Book A World of Trouble

    Book Details:
  • Author : Patrick Tyler
  • Publisher : Macmillan
  • Release : 2009
  • ISBN : 9780374292898
  • Pages : 646 pages

Download or read book A World of Trouble written by Patrick Tyler and published by Macmillan. This book was released on 2009 with total page 646 pages. Available in PDF, EPUB and Kindle. Book excerpt: Evaluating the ways in which the United States's relationship with the Middle East influences foreign policy, a historical analysis of America's presence in the region traces the positive and negative efforts by presidents from Eisenhower to George W. Bush.

Book Tyler s War

    Book Details:
  • Author : J & M Beresford
  • Publisher : Lulu.com
  • Release : 2019-03-14
  • ISBN : 0244463492
  • Pages : 292 pages

Download or read book Tyler s War written by J & M Beresford and published by Lulu.com. This book was released on 2019-03-14 with total page 292 pages. Available in PDF, EPUB and Kindle. Book excerpt: Days before the outbreak of WWII in Europe, amidst the magnificent mansions and rolling lawns of Newport, Rhode Island, a young woman is murdered.
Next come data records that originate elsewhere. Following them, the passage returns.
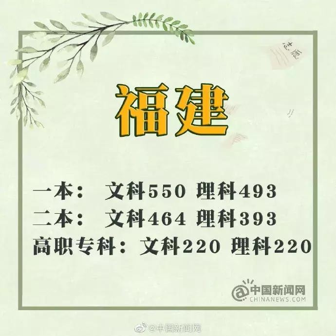 福建:文科一本线550分 理科一本线493分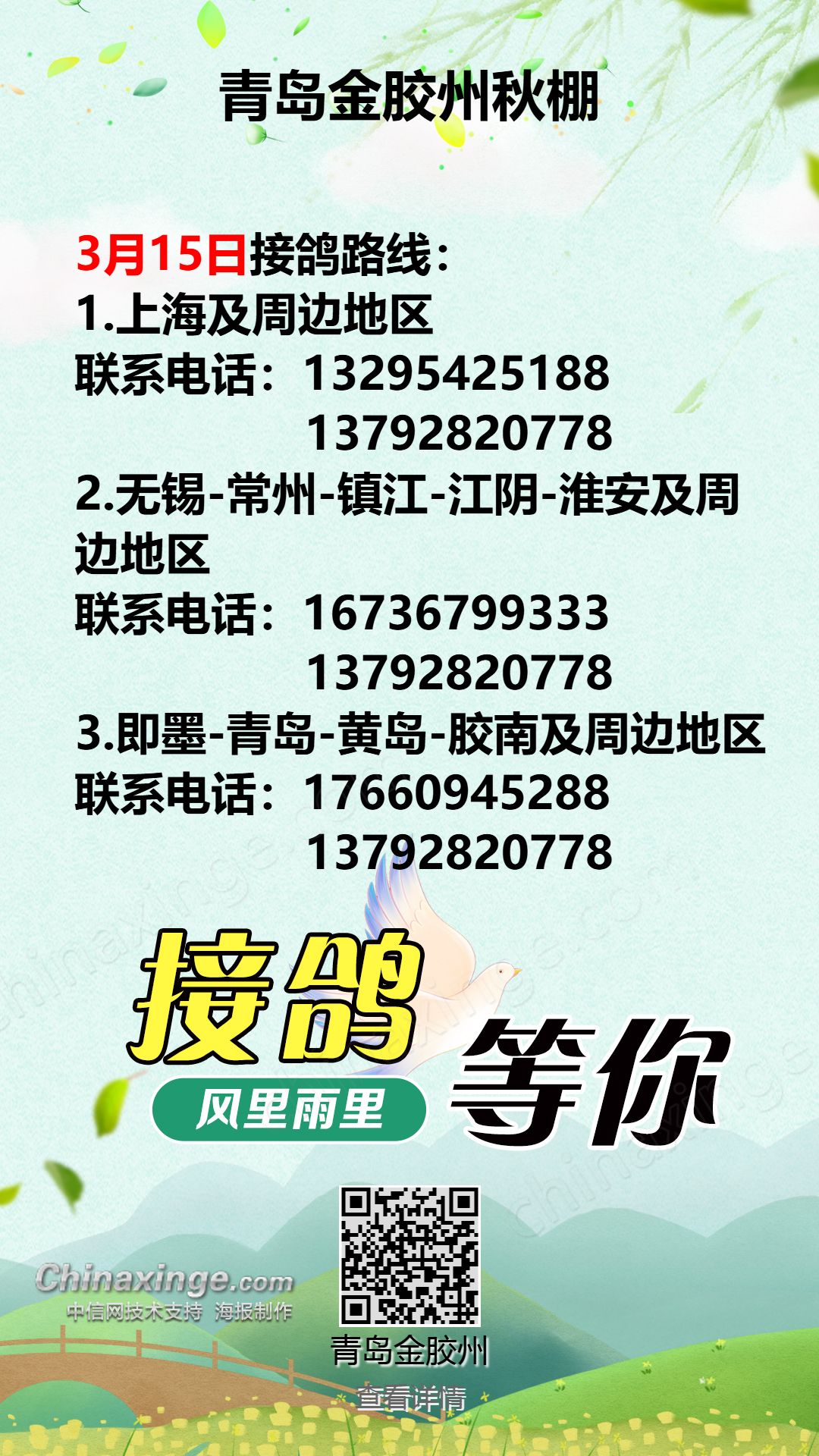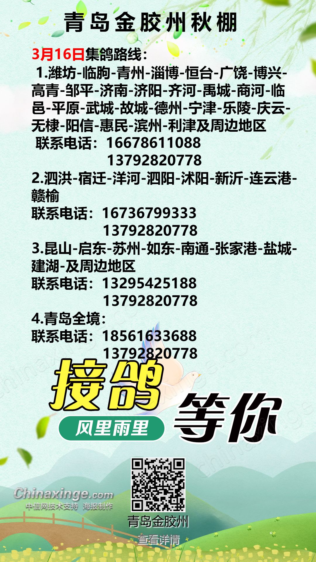 青岛金胶州秋棚3月15日接鸽路线(1)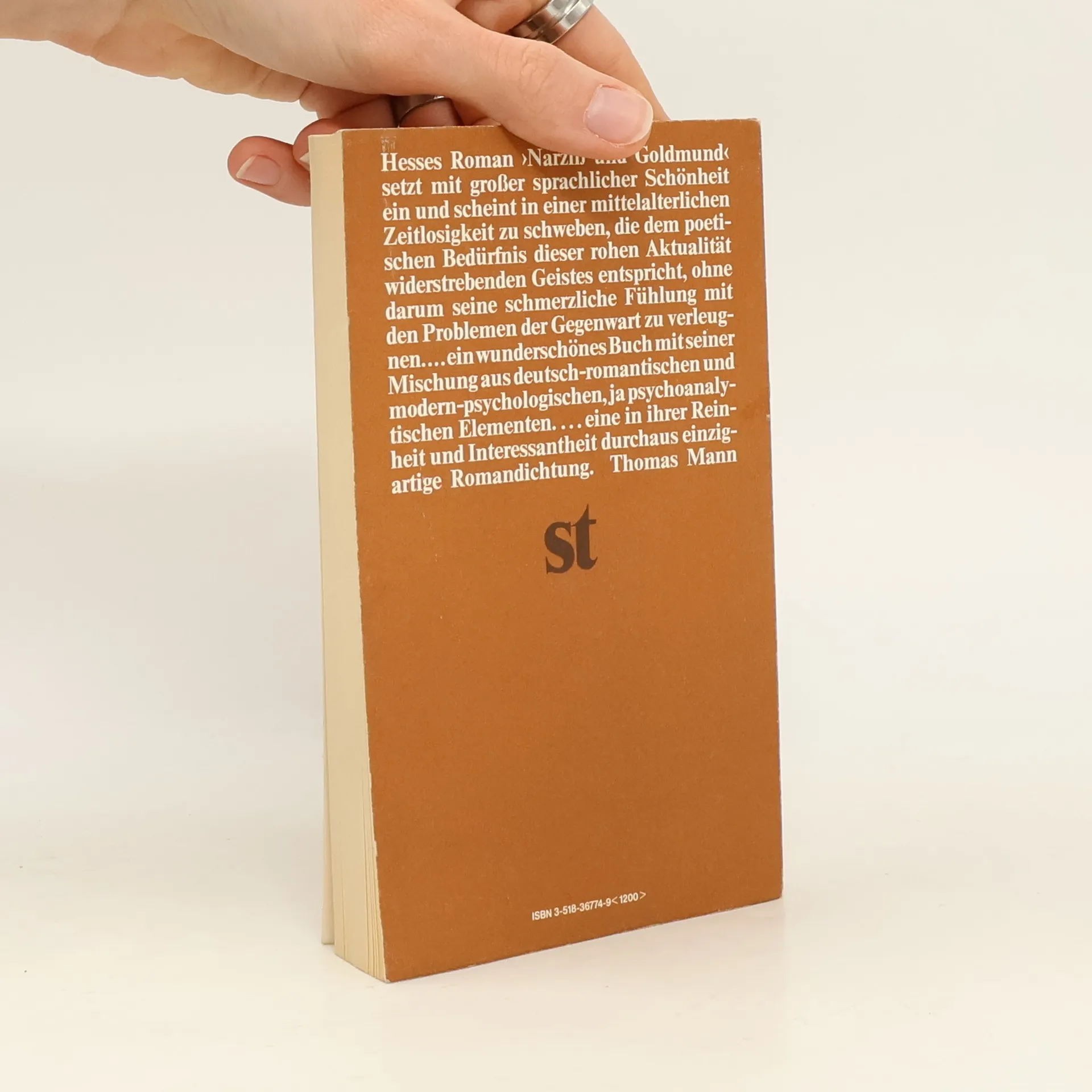 "Hesses Roman "Narziß und Goldmund" setzt mit großer sprachlicher Schönheit ein und scheint in einer mittelalterlichen Zeitlosigkeit zu schweben, die dem poetischen Bedürfnis dieses der rohen Aktualität widerstrebenden Geistes entspricht, ohne darum seine schmerzliche Fühlung mit den Problemen der Gegenwart zu verleugnen...ein wunderschönes Buch mit seiner Mischung aus deutsch-romantischen und modern-psychologischen, ja psychoanalytischen Elementen...eine in ihrer Reinheit und Interessantheit durchaus einzigartige Romandichtung." Thomas Mann

A local man is arrested, but Detective Josh Tyler is convinced that the killer is Heinrich Kraal, visiting guest speaker at the ?American First Committee? symposium and rising star of Hitler's Reich. In an unlikely alliance with enigmatic lawyer Kristen von Nagel, Tyler discovers that Kraal is linked to similar murders on previous U.S. visits. However, any chance of pursuing a case against Kraal disappears following Pearl Harbour, when Germany declares war on the USA. Three and a half years later, with Russian troops pouring into Berlin, Kraal contacts the Americans and agrees to travel to the US to stand trial for the murder. Dispatched as the arresting officer, Tyler arrives in the ravaged German capital and finds that Kraal is a Russian prisoner. And his problems are just beginning.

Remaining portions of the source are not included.